> **EXERCISE OBJECTIVE**:
Copy out exactly the lines spanning the line with "制作这个收纳柜电商的场景图,把它放在明亮" to the line with "Tu di che parte", inclusive, from the data underneath, with no pictures.

Recorded data:
□ □ □ □ □ □ □

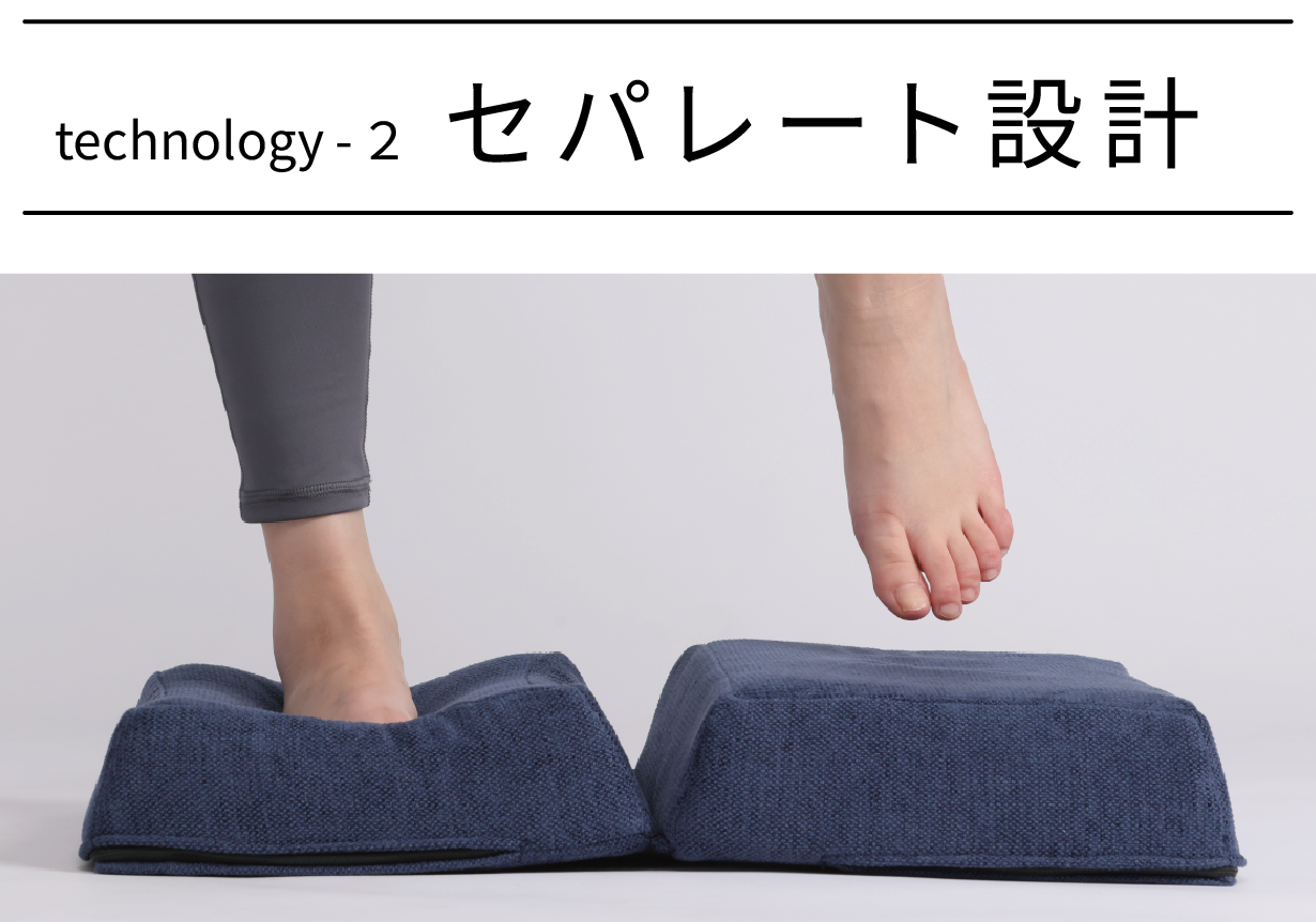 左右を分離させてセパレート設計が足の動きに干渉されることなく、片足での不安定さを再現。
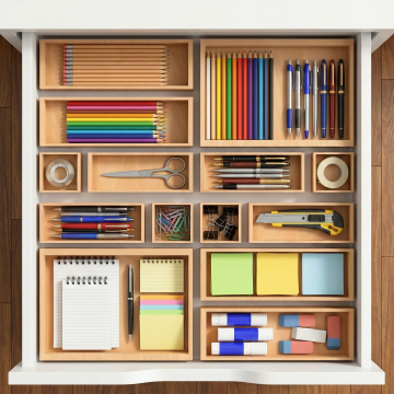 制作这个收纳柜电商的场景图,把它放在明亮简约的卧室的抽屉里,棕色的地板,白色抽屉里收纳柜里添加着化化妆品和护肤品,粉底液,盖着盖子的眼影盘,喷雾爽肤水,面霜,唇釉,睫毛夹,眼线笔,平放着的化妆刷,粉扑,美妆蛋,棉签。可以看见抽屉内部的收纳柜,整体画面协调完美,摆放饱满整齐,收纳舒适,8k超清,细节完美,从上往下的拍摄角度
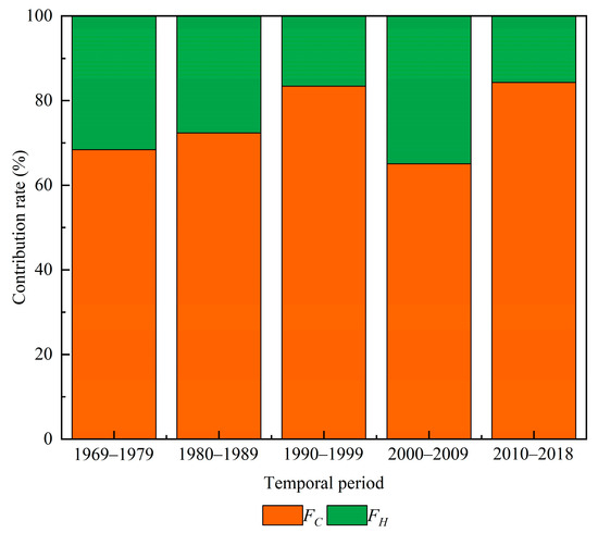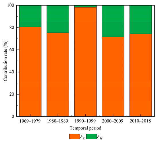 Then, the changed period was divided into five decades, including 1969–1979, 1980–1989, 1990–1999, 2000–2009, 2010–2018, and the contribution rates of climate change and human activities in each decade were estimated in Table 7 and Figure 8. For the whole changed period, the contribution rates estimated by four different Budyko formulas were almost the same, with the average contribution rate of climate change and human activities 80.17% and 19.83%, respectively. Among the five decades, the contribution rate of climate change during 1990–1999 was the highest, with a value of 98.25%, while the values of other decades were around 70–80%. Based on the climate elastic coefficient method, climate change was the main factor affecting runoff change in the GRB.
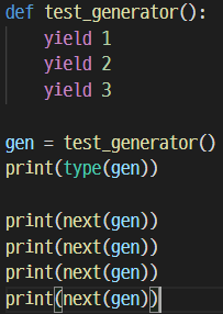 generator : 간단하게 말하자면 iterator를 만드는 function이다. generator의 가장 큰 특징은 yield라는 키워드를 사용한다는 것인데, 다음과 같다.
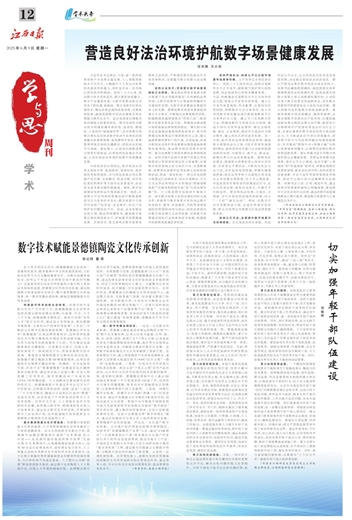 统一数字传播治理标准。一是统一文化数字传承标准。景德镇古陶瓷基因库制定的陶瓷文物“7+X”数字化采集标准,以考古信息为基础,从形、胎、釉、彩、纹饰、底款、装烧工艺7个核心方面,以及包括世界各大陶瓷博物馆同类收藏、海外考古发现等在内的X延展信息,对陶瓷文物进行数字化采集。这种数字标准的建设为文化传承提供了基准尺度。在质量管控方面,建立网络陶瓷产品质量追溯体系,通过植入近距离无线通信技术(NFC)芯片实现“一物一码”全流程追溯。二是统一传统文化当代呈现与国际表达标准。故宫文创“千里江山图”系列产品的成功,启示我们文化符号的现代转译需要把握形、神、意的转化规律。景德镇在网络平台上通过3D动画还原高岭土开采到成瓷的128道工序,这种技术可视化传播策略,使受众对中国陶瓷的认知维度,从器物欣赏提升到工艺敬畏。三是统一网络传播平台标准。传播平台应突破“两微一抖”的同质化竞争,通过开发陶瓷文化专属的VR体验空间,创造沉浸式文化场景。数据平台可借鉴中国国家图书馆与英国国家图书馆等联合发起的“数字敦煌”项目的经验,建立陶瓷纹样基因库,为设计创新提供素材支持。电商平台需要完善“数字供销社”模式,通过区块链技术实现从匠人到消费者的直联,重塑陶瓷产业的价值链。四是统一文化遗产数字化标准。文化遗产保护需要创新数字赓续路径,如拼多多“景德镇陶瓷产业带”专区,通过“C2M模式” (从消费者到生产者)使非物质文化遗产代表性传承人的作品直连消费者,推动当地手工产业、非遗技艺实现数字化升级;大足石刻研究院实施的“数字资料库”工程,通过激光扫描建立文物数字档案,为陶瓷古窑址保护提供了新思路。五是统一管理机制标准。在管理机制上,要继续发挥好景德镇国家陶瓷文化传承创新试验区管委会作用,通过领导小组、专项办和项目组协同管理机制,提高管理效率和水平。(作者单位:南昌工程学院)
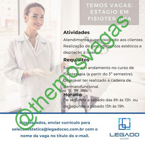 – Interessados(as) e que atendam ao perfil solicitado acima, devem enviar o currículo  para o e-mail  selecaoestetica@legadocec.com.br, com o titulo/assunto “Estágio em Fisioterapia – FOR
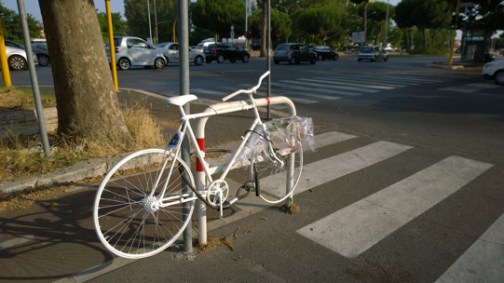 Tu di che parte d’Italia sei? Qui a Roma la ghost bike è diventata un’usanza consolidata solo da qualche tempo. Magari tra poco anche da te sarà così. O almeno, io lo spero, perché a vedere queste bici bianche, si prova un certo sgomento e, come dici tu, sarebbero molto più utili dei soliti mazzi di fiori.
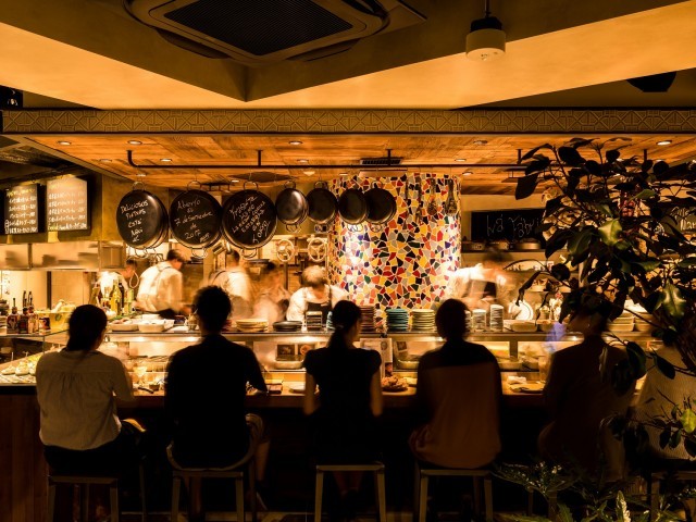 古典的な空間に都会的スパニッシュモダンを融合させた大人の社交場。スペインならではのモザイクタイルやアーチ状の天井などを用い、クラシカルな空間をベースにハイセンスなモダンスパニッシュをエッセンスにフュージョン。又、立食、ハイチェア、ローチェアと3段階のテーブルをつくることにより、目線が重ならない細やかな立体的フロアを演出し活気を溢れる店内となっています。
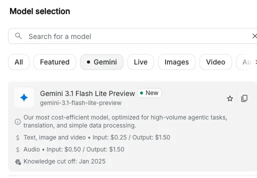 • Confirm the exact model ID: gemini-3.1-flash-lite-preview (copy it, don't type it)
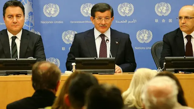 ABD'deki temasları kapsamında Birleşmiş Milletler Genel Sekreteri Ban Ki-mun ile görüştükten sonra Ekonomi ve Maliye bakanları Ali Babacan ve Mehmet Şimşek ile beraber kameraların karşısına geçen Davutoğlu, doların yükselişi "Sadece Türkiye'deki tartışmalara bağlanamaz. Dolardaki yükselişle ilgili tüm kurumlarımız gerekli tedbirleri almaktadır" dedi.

□ □ □ □ □ □ □

> **THE COMPLETED TASK**:
 制作这个收纳柜电商的场景图,把它放在明亮简约的卧室的抽屉里,棕色的地板,白色抽屉里收纳柜里添加着化化妆品和护肤品,粉底液,盖着盖子的眼影盘,喷雾爽肤水,面霜,唇釉,睫毛夹,眼线笔,平放着的化妆刷,粉扑,美妆蛋,棉签。可以看见抽屉内部的收纳柜,整体画面协调完美,摆放饱满整齐,收纳舒适,8k超清,细节完美,从上往下的拍摄角度
 Then, the changed period was divided into five decades, including 1969–1979, 1980–1989, 1990–1999, 2000–2009, 2010–2018, and the contribution rates of climate change and human activities in each decade were estimated in Table 7 and Figure 8. For the whole changed period, the contribution rates estimated by four different Budyko formulas were almost the same, with the average contribution rate of climate change and human activities 80.17% and 19.83%, respectively. Among the five decades, the contribution rate of climate change during 1990–1999 was the highest, with a value of 98.25%, while the values of other decades were around 70–80%. Based on the climate elastic coefficient method, climate change was the main factor affecting runoff change in the GRB.
 generator : 간단하게 말하자면 iterator를 만드는 function이다. generator의 가장 큰 특징은 yield라는 키워드를 사용한다는 것인데, 다음과 같다.
 统一数字传播治理标准。一是统一文化数字传承标准。景德镇古陶瓷基因库制定的陶瓷文物“7+X”数字化采集标准,以考古信息为基础,从形、胎、釉、彩、纹饰、底款、装烧工艺7个核心方面,以及包括世界各大陶瓷博物馆同类收藏、海外考古发现等在内的X延展信息,对陶瓷文物进行数字化采集。这种数字标准的建设为文化传承提供了基准尺度。在质量管控方面,建立网络陶瓷产品质量追溯体系,通过植入近距离无线通信技术(NFC)芯片实现“一物一码”全流程追溯。二是统一传统文化当代呈现与国际表达标准。故宫文创“千里江山图”系列产品的成功,启示我们文化符号的现代转译需要把握形、神、意的转化规律。景德镇在网络平台上通过3D动画还原高岭土开采到成瓷的128道工序,这种技术可视化传播策略,使受众对中国陶瓷的认知维度,从器物欣赏提升到工艺敬畏。三是统一网络传播平台标准。传播平台应突破“两微一抖”的同质化竞争,通过开发陶瓷文化专属的VR体验空间,创造沉浸式文化场景。数据平台可借鉴中国国家图书馆与英国国家图书馆等联合发起的“数字敦煌”项目的经验,建立陶瓷纹样基因库,为设计创新提供素材支持。电商平台需要完善“数字供销社”模式,通过区块链技术实现从匠人到消费者的直联,重塑陶瓷产业的价值链。四是统一文化遗产数字化标准。文化遗产保护需要创新数字赓续路径,如拼多多“景德镇陶瓷产业带”专区,通过“C2M模式” (从消费者到生产者)使非物质文化遗产代表性传承人的作品直连消费者,推动当地手工产业、非遗技艺实现数字化升级;大足石刻研究院实施的“数字资料库”工程,通过激光扫描建立文物数字档案,为陶瓷古窑址保护提供了新思路。五是统一管理机制标准。在管理机制上,要继续发挥好景德镇国家陶瓷文化传承创新试验区管委会作用,通过领导小组、专项办和项目组协同管理机制,提高管理效率和水平。(作者单位:南昌工程学院)
 – Interessados(as) e que atendam ao perfil solicitado acima, devem enviar o currículo  para o e-mail  selecaoestetica@legadocec.com.br, com o titulo/assunto “Estágio em Fisioterapia – FOR
 Tu di che parte d’Italia sei? Qui a Roma la ghost bike è diventata un’usanza consolidata solo da qualche tempo. Magari tra poco anche da te sarà così. O almeno, io lo spero, perché a vedere queste bici bianche, si prova un certo sgomento e, come dici tu, sarebbero molto più utili dei soliti mazzi di fiori.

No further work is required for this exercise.